## EXERCISE
Copy out exactly, from the entries that follow, the line holding "ПРИКАЗ ФТС РФ от 03.09.2013 N 1655", the line holding "16 шале; ресепшен, услуги", and all lines between them, but no pictures.

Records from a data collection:
────────────────────

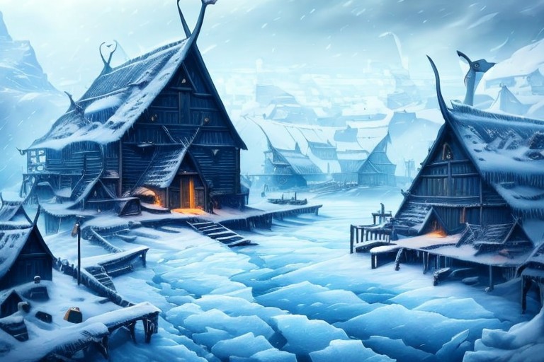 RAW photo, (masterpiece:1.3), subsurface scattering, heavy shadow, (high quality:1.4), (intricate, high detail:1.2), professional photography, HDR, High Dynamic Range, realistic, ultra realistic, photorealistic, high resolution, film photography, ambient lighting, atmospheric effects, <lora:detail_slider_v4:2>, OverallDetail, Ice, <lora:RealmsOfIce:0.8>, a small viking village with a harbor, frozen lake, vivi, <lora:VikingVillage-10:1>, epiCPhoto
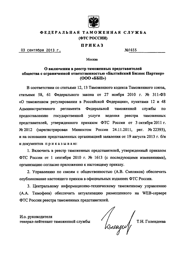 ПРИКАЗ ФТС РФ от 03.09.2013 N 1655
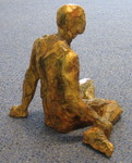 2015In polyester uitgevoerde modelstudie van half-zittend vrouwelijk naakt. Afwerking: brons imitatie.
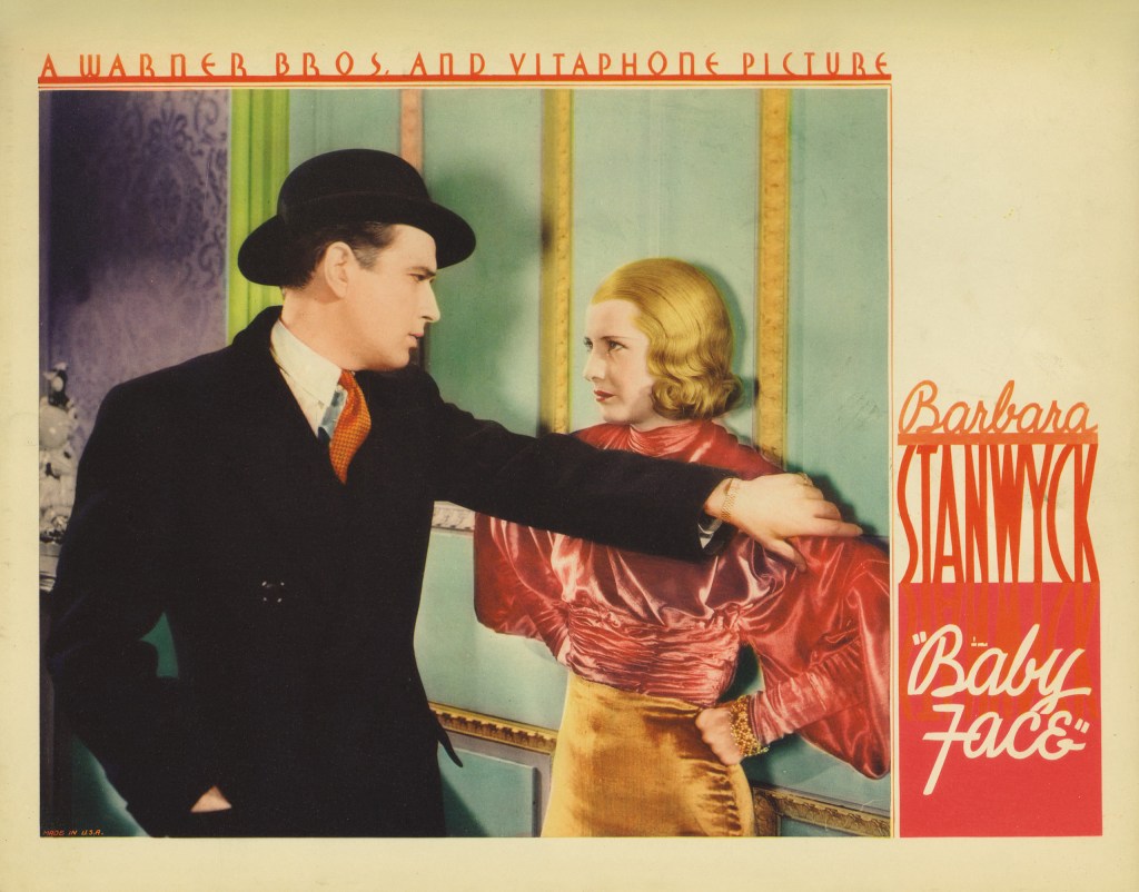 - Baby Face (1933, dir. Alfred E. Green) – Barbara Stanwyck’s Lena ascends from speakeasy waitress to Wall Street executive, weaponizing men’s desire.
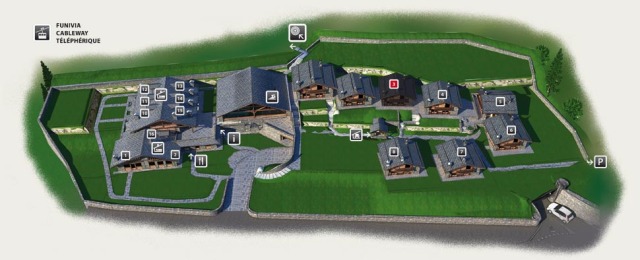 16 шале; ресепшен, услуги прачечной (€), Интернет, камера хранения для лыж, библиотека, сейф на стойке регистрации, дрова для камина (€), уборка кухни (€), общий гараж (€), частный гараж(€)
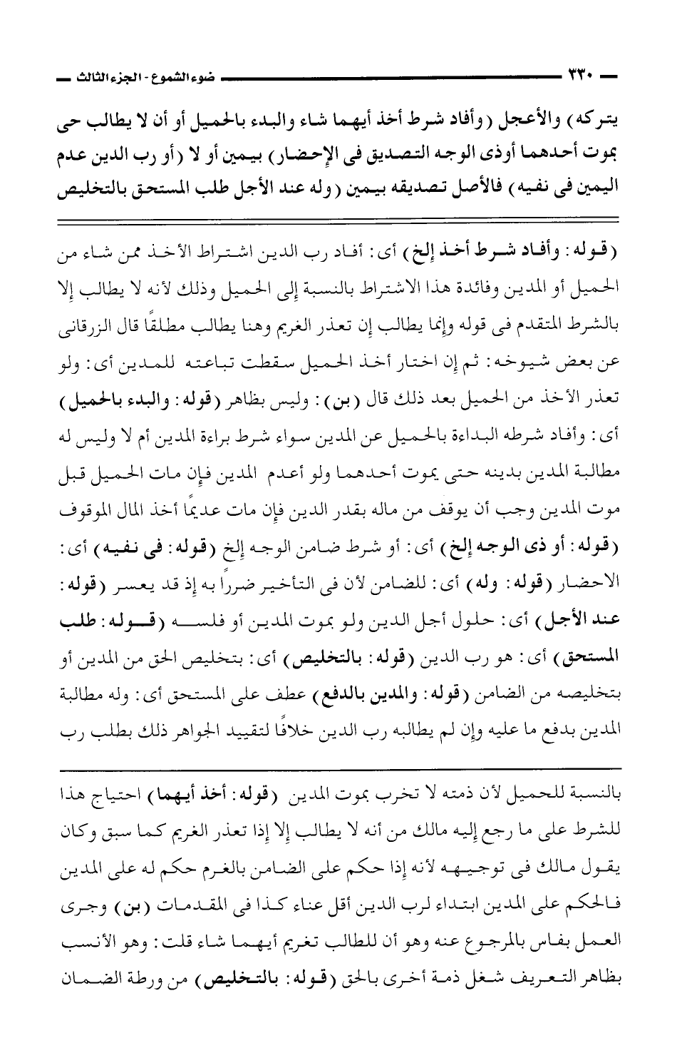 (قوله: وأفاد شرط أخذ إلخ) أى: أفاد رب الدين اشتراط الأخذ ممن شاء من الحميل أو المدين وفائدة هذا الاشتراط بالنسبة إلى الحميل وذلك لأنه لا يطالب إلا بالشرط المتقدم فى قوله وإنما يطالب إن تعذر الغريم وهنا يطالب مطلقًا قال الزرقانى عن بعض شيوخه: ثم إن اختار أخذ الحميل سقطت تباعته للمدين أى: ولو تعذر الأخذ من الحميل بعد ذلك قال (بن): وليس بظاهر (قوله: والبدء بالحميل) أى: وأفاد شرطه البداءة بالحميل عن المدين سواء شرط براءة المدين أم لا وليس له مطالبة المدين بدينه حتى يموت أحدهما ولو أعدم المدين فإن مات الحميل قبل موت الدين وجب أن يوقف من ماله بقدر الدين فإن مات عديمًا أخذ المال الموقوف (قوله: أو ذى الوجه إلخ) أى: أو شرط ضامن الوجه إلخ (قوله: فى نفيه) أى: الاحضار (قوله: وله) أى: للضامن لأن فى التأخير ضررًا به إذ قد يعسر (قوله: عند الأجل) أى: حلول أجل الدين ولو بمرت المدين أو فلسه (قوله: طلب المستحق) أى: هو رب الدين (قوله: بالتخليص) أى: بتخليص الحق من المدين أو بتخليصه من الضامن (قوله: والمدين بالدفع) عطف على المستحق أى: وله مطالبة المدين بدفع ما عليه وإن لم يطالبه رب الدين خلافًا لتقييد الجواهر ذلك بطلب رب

────────────────────

## RESULT
 ПРИКАЗ ФТС РФ от 03.09.2013 N 1655
 2015In polyester uitgevoerde modelstudie van half-zittend vrouwelijk naakt. Afwerking: brons imitatie.
 - Baby Face (1933, dir. Alfred E. Green) – Barbara Stanwyck’s Lena ascends from speakeasy waitress to Wall Street executive, weaponizing men’s desire.
 16 шале; ресепшен, услуги прачечной (€), Интернет, камера хранения для лыж, библиотека, сейф на стойке регистрации, дрова для камина (€), уборка кухни (€), общий гараж (€), частный гараж(€)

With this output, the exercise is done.